» Assignment:
Only one thing is required: the number of lines in the entries below that contain "took".

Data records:
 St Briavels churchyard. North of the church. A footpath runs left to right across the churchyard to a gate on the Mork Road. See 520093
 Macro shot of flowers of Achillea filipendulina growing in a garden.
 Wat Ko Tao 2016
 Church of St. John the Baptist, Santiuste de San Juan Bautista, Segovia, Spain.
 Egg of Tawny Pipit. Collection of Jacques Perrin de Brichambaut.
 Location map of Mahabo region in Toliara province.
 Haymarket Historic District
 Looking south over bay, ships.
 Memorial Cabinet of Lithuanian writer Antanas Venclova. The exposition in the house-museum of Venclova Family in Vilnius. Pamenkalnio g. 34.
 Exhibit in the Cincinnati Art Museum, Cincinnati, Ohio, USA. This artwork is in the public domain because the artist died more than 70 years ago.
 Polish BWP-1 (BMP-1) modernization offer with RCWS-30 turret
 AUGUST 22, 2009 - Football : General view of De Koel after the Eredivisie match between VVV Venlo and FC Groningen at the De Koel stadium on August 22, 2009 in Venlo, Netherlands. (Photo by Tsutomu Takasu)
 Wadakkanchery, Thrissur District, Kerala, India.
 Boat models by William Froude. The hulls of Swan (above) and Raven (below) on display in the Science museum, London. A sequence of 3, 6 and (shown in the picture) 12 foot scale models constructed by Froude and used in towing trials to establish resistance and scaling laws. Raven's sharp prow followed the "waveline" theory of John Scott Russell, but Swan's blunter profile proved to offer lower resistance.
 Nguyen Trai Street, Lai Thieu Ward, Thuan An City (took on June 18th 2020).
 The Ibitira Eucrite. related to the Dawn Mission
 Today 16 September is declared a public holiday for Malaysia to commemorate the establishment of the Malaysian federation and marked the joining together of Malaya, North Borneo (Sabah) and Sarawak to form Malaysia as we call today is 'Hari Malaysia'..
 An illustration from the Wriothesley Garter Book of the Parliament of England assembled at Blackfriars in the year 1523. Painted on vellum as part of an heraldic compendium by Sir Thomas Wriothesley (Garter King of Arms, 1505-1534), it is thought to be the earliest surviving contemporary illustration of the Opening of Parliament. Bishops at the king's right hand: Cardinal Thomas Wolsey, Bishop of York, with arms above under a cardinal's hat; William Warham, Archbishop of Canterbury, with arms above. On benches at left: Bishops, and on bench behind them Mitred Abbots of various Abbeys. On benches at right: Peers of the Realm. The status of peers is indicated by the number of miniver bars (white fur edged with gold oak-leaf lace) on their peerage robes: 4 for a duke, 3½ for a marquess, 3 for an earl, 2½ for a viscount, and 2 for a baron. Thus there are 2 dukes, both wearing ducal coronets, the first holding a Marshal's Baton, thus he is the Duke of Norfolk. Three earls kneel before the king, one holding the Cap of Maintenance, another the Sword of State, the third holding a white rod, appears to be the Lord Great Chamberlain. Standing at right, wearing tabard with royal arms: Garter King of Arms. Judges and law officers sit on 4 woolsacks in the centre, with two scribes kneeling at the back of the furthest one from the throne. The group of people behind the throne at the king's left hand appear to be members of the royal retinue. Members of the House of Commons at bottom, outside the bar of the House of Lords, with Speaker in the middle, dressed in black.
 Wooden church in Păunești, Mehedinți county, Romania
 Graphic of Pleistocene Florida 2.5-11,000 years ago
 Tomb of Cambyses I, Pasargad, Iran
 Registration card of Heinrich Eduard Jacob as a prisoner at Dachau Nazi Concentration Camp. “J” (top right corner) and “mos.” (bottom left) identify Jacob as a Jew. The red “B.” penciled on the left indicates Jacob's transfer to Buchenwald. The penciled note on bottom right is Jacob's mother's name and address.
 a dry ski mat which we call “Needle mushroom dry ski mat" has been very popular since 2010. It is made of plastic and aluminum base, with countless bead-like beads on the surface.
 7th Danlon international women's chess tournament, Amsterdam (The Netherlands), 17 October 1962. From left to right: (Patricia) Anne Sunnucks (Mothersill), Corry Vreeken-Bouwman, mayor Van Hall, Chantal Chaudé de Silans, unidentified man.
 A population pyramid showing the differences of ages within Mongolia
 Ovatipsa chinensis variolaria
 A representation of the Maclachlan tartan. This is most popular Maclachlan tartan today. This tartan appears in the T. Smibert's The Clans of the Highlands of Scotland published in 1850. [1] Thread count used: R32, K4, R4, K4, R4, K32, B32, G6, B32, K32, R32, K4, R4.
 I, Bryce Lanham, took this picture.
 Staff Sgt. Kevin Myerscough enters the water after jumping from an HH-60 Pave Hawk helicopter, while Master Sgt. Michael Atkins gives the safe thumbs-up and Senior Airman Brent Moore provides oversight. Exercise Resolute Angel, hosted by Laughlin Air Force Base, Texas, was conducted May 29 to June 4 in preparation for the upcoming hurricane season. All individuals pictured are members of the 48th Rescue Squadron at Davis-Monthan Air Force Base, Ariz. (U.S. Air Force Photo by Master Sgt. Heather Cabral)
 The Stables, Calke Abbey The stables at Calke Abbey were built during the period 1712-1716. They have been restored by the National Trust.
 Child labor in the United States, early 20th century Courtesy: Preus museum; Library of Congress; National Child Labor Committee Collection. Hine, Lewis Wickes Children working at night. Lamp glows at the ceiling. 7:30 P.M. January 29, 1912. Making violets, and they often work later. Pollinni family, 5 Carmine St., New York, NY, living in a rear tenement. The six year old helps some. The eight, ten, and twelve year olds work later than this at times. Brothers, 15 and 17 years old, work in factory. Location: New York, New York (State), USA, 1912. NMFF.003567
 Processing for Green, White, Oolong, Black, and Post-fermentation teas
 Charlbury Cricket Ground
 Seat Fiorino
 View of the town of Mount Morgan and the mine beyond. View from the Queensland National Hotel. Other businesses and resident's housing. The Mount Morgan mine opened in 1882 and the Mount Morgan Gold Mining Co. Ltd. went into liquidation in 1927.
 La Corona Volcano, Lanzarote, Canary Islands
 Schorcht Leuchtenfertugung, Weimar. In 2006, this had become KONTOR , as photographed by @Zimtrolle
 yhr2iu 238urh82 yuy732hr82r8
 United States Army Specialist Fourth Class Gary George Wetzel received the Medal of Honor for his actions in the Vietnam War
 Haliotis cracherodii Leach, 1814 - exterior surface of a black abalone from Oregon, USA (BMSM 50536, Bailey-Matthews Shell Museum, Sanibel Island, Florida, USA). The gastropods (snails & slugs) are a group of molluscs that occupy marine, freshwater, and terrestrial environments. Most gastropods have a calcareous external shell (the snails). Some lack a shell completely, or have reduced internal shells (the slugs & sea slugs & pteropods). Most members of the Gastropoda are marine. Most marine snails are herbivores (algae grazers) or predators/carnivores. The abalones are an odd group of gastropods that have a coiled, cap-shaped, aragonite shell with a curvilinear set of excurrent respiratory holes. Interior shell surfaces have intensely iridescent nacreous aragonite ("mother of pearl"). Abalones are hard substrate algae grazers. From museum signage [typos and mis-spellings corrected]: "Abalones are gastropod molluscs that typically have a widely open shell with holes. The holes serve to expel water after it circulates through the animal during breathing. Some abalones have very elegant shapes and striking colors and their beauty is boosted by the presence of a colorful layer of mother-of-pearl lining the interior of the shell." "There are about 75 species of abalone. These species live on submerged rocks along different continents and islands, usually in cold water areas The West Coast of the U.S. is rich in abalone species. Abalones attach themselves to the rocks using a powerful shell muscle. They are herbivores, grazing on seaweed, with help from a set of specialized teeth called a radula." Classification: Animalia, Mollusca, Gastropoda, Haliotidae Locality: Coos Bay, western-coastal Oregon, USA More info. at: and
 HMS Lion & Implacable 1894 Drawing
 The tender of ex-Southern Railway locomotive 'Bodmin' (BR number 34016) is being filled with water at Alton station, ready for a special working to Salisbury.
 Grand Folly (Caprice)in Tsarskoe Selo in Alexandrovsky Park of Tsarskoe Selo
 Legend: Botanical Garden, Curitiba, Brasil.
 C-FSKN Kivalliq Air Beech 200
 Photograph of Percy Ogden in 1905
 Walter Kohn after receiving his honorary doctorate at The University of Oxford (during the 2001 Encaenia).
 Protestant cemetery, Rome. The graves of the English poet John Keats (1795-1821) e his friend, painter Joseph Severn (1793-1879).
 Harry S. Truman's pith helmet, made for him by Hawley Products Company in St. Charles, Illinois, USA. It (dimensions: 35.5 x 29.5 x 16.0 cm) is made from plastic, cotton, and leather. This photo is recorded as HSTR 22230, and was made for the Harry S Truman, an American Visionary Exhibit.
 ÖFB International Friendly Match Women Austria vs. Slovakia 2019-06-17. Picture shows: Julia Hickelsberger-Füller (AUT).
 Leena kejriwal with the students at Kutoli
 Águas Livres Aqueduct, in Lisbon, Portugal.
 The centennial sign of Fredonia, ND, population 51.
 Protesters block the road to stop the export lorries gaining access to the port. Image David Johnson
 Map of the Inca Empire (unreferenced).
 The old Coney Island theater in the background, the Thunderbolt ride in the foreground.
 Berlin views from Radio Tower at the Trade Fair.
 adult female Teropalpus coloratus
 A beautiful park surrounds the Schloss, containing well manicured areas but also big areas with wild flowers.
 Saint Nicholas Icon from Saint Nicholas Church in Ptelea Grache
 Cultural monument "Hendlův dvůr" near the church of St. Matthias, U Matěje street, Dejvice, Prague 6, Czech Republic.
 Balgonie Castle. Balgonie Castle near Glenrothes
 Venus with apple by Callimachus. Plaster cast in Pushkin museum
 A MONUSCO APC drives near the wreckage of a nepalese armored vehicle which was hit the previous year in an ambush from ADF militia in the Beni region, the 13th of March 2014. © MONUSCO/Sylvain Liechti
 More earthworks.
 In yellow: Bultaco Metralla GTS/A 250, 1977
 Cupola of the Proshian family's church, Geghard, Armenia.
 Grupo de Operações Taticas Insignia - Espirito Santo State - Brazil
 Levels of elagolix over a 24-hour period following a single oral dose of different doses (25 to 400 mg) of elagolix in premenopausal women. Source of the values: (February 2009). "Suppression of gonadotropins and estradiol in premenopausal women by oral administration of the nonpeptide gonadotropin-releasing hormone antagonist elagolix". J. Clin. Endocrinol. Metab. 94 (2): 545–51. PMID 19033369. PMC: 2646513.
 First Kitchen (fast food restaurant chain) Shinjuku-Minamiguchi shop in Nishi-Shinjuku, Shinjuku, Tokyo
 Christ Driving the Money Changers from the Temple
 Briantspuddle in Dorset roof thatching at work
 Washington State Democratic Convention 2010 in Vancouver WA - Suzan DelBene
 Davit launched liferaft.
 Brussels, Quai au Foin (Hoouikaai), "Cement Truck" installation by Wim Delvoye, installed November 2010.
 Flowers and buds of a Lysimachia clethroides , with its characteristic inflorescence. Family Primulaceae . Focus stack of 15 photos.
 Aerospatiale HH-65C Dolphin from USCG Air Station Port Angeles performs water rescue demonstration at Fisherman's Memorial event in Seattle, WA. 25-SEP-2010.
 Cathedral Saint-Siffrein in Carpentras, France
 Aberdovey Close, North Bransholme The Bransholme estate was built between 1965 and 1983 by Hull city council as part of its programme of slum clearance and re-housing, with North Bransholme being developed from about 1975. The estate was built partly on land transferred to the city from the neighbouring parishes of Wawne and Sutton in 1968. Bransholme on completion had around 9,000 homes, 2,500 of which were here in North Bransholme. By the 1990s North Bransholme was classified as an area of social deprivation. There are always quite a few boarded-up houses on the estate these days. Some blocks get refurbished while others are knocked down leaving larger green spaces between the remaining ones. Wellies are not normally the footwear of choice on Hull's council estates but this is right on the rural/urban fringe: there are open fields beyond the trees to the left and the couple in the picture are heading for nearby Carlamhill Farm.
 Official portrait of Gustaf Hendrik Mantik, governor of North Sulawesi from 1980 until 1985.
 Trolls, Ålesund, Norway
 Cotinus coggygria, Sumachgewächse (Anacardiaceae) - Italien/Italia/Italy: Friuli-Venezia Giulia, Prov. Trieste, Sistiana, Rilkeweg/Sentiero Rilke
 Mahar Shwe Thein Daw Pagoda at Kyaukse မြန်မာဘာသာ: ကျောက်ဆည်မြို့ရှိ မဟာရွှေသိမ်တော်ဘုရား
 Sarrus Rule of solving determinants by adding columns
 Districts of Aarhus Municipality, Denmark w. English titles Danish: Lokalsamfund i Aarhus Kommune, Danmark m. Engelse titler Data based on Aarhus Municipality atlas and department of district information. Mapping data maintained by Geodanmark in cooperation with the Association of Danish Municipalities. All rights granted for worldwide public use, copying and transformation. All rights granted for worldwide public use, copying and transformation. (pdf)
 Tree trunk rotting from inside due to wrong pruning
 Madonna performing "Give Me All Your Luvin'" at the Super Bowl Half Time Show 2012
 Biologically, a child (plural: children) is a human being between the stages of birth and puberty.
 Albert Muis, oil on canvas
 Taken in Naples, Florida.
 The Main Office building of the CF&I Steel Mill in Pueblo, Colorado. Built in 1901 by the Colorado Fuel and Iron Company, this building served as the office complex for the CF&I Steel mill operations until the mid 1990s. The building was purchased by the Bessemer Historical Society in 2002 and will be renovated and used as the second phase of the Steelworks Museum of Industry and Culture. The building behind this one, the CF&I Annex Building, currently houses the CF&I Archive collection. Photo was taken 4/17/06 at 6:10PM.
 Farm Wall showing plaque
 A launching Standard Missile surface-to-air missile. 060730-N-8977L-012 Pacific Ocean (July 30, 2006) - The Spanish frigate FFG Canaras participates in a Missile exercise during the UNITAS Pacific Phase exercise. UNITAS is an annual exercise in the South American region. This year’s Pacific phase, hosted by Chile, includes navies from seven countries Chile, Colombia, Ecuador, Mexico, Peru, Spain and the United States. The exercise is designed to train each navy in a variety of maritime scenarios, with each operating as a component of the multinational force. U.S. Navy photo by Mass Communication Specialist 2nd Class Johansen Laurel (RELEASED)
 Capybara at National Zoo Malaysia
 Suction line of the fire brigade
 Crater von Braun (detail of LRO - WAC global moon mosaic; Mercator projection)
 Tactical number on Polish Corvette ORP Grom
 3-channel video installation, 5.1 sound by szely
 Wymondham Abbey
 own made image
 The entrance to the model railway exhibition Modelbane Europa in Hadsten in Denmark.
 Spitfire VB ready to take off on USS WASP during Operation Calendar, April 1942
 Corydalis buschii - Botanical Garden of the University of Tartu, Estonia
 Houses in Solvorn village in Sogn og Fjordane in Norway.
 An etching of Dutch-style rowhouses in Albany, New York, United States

» Result of the task:
2